Reproduce exactly the lines below, from the first one through the line containing "Finish the tablescape", and omit any pictures.
(Source records Opens)
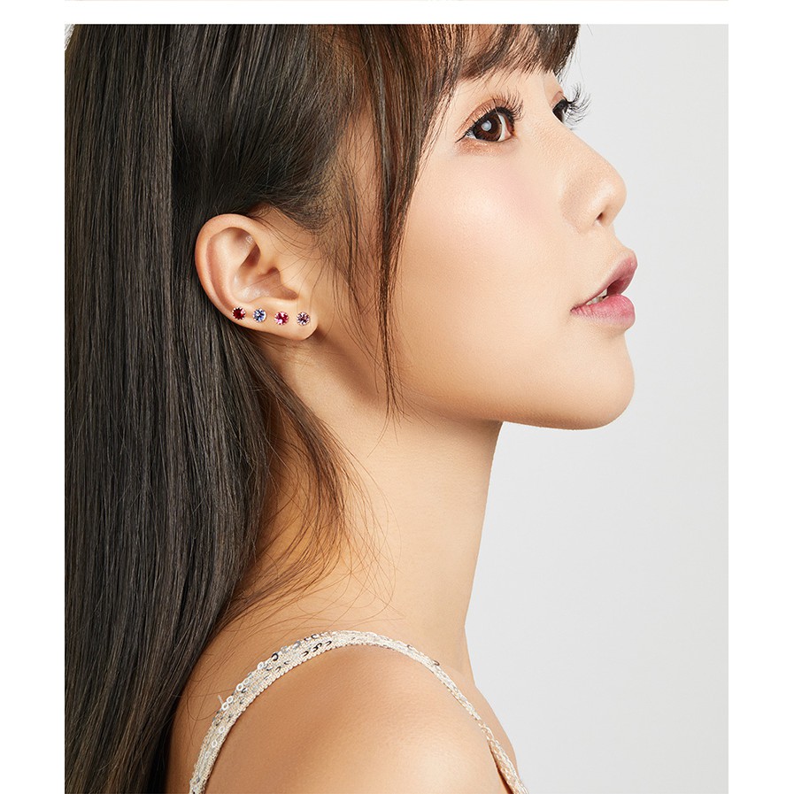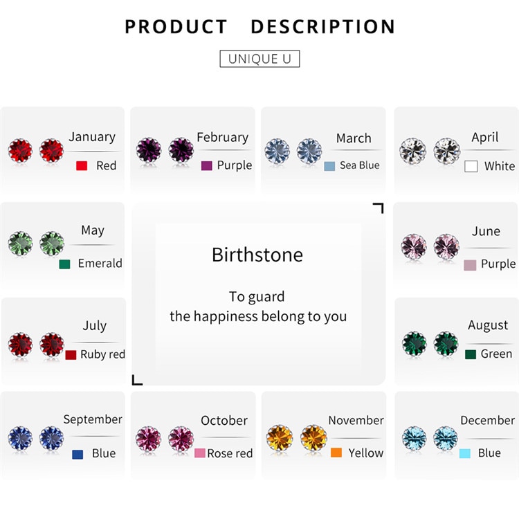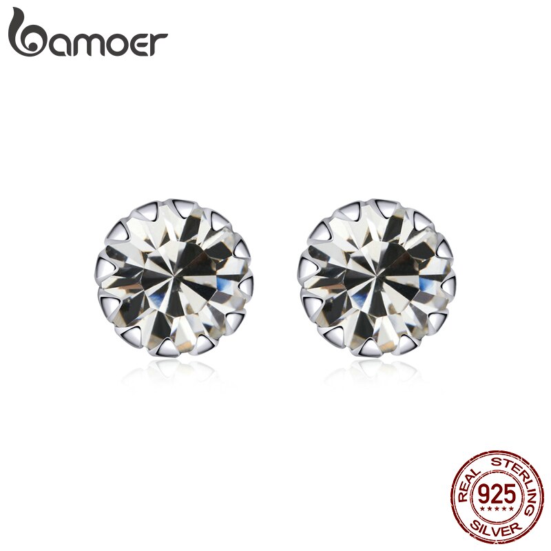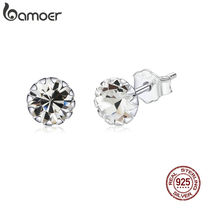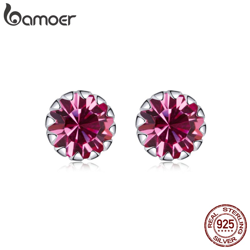Bamoer 100% Sterling Silver 925 Stud Earring Birth Stone AAA Cubic Zircon Jewelry SCE862
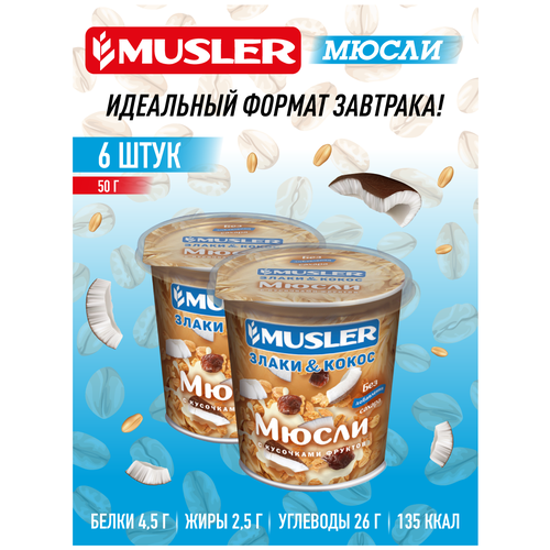 Сухие завтраки "Мюсли злаки и кокос" MUSLER 50 г.(6шт)
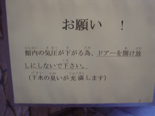 エントランスは開放厳禁。下水の臭いが館内に入ってしまうとの事。
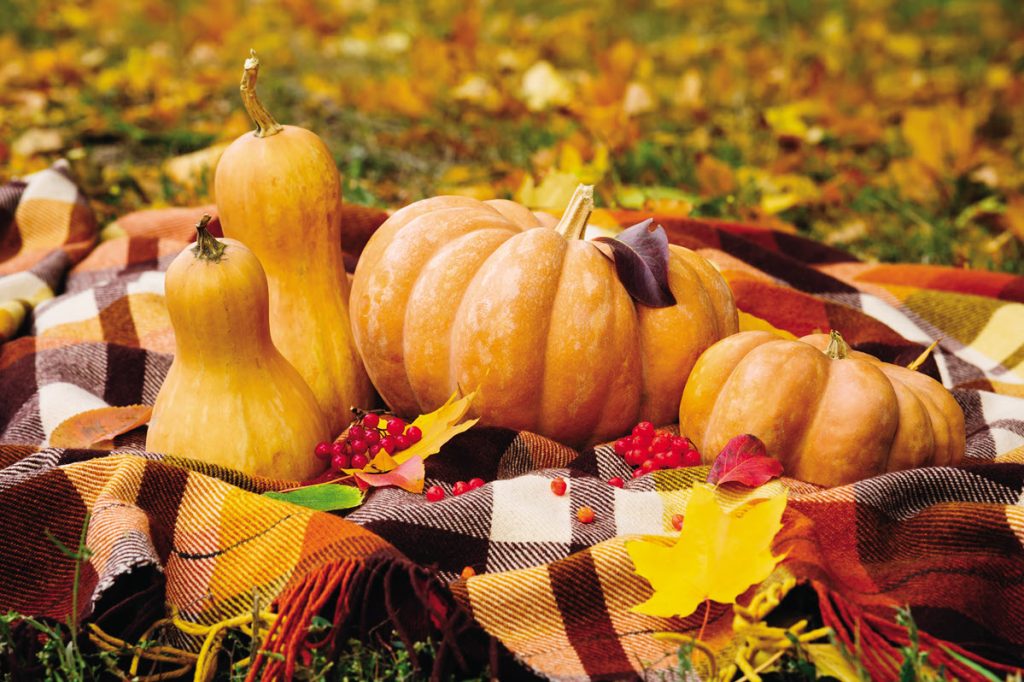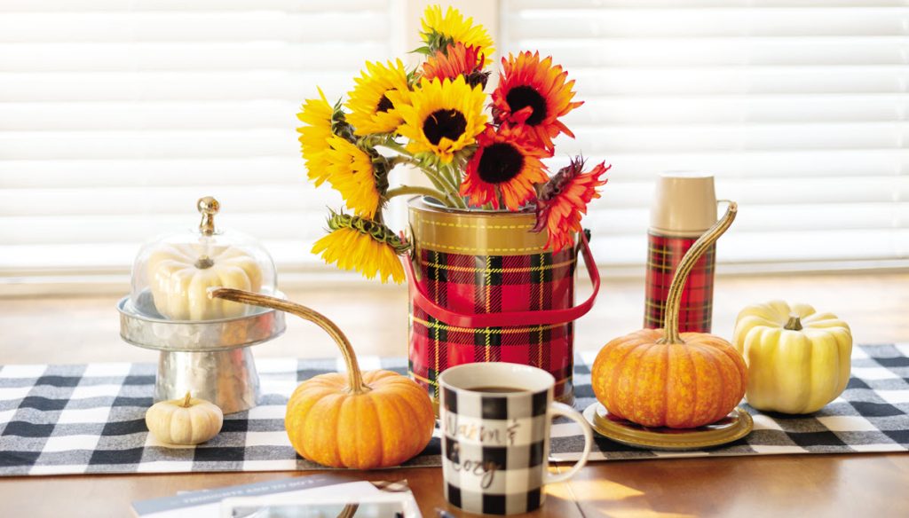 Finish the tablescape with pumpkins and gourds and a scattering of faux leaves. Fill the china cabinet with warm kitchenware and cozy fall textiles. Going forward, tweak your table by adding turkey and Thanksgiving décor.
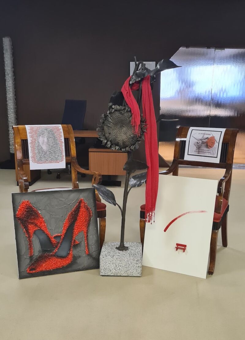 Al centro dell’installazione si trova “Il girasole spezzato”, un’opera d’arte in ferro battuto dell’artista Luciano Zanon. L’opera è coperta da un drappo rosso, una rappresentazione visiva del bollettino di guerra delle donne uccise nel 2023.
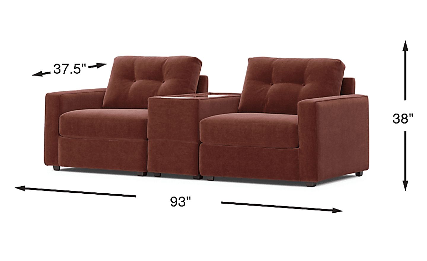 Discover the limitless possibilities of the Drew & Jonathan ModularOne, thoughtfully designed with comfort and flexibility in mind. This customizable seating solution features individual pieces that can be configured to any shape your room needs. Game days, movie nights, sleepovers, and everyday relaxation are all better when the seating arrangement you want is always right at your fingertips. Each individual piece is upholstered on all sides in our signature fabric, New Horizon. This soft, merlot-colored chenille includes Repreve yarn, made with recycled plastic bottles. The dual seating area has welted track arms, top-stitched seat cushions and button-tufted back cushions for an elegant silhouette. A media console provides hidden storage, a USB charging port, wireless charging, bluetooth-enabled speaker, and doubles as a side table with a sleek acrylic top. A matching pillow provides the perfect final touch. Includes LAF chair, console, and RAF chair. Visit a showroom to learn more about individual components and to work with a sales specialist to customize your own configuration today. Upholstery: 100% Polyester.
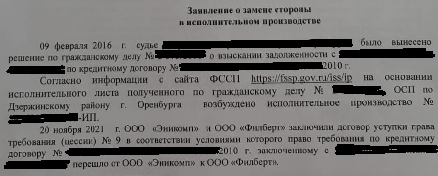 Ситуация очень странная. В 16 году банк подал в суд иск по кредиту, естественно его взыграл, получил исполнительные листы, передал их на исполнение судебным приставам которые в течении 3 месяцев списали всю сумму присужденную судом. Вчера получил повестку с суда, Филберт подал заявление о процессуальном правопреемстве по гражданскому делу от 16 года, по которому выплачена вся сумма. На сайте фспп уже нет истории по исполнительным производствам тех лет, то что деньги полностью выплачены нет никаких сомнений, т.к. в 18 году требовалось восстановить документы на авто, на которое было наложено ограничение на рег.действия в качестве меры обеспечения, в суде лично получал справку об исполнении решения суда и передал её в ГИБДД. Вопрос! На что лучше делать упор в возражении на заявление? По сути деньги хотят взять второй раз. К сожалению по прошествии лет документов уже не осталось, история усложняется еще тем что я не проживаю в городе где проходит суд. Заранее благодарен за ответы! UPD. Филберт в декабре месяца присылал бумагу о долге, сумма идентичная что и в исковых требованиях банка в суд в 2016 году.
(Source records Closes)
Reply to the exercise =>
Bamoer 100% Sterling Silver 925 Stud Earring Birth Stone AAA Cubic Zircon Jewelry SCE862
 Сухие завтраки "Мюсли злаки и кокос" MUSLER 50 г.(6шт)
 エントランスは開放厳禁。下水の臭いが館内に入ってしまうとの事。
 Finish the tablescape with pumpkins and gourds and a scattering of faux leaves. Fill the china cabinet with warm kitchenware and cozy fall textiles. Going forward, tweak your table by adding turkey and Thanksgiving décor.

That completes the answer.